Canola futures may have moved lower and set fresh contract lows during the week ended Jan. 8, but the worst is yet to come.
The outlook for canola prices is already grim, as the large Canadian supply situation, logistical problems moving the crop out of the country and the resulting expected large ending stocks are expected to continue overhanging the market.
A bearish technical bias also has the futures pointed lower in the long term. Expectations that farmers will start to increase their hedges in the futures marketing going forward will also weigh on the market.
And with outside oilseed markets now also starting to turn to a weaker bias, canola will have a hard time seeing any significant upward movement going forward, said analysts.
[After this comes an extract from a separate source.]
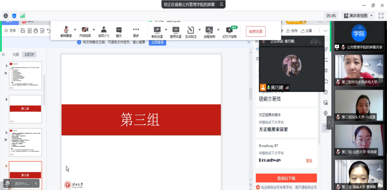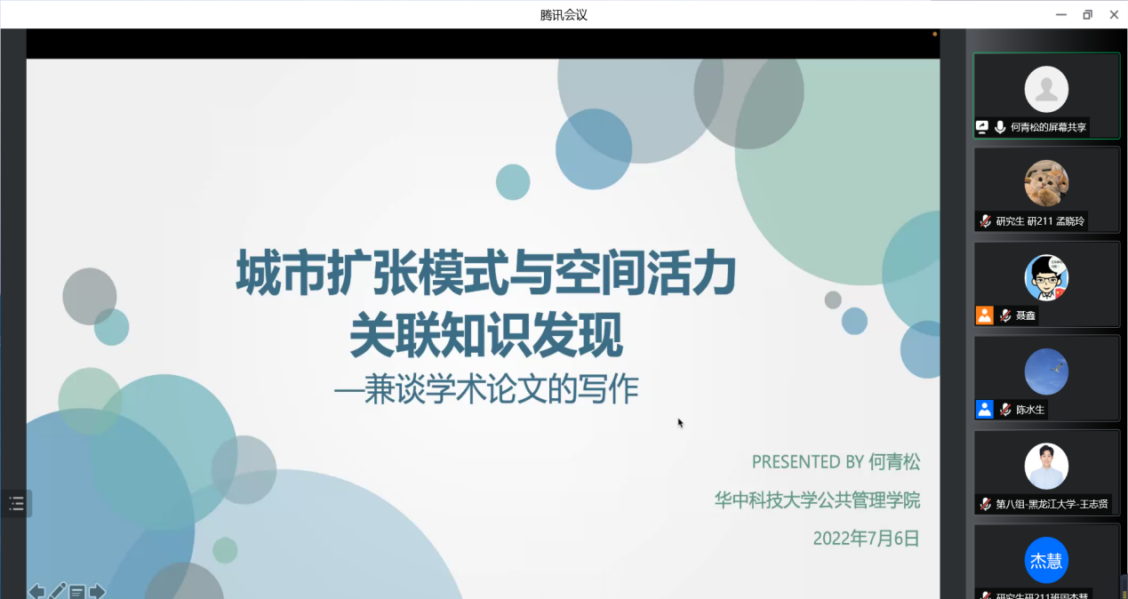 6日,太阳城网址 举行了三场学术讲座,讲座以线上会议的形式举行,分别邀请了复旦大学教授陈水生、华中科技大学研究员何青松、浙江大学研究员吴佳雨作主题为《行政管理的学科发展及学习规划建议》、《城市扩张模式与空间活力关联知识发现—兼谈学术论文的写作》、《城市绿色空间治理》的分享,太阳城网址 党委书记聂鑫教授主持会议,全体夏令营营员及太阳城网址 多名老师、研究生参加本次学术讲座。

“The dominant downswing in the soybean oil is starting to weigh here. It’s just pulling canola down,” said Ken Ball of PI Financial in Winnipeg. “And the soybeans themselves have started to show signs recently of rolling over and heading lower. So, the whole environment is turning very weak again.”
How far canola drops going forward will depend on what happens in the Chicago soybean complex, as well as how big the South American soy crop ends up being.
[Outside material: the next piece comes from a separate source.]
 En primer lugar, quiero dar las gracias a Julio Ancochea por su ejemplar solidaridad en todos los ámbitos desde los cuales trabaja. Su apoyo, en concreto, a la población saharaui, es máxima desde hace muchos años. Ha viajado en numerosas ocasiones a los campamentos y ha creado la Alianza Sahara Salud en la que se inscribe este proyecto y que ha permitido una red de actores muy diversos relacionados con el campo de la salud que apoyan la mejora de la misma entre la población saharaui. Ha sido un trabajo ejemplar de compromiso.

“It hinges now very greatly on the South American crops,” said Ball. “If South America comes through with a big one, by spring, we may see some prices that are going to shock people.”
Ball added he wouldn’t be surprised to see canola futures trading down in the $350 to $400 per tonne band at some point in the future.
– Terryn Shiells writes for Commodity News Service Canada, a Winnipeg company specializing in grain and commodity market reporting.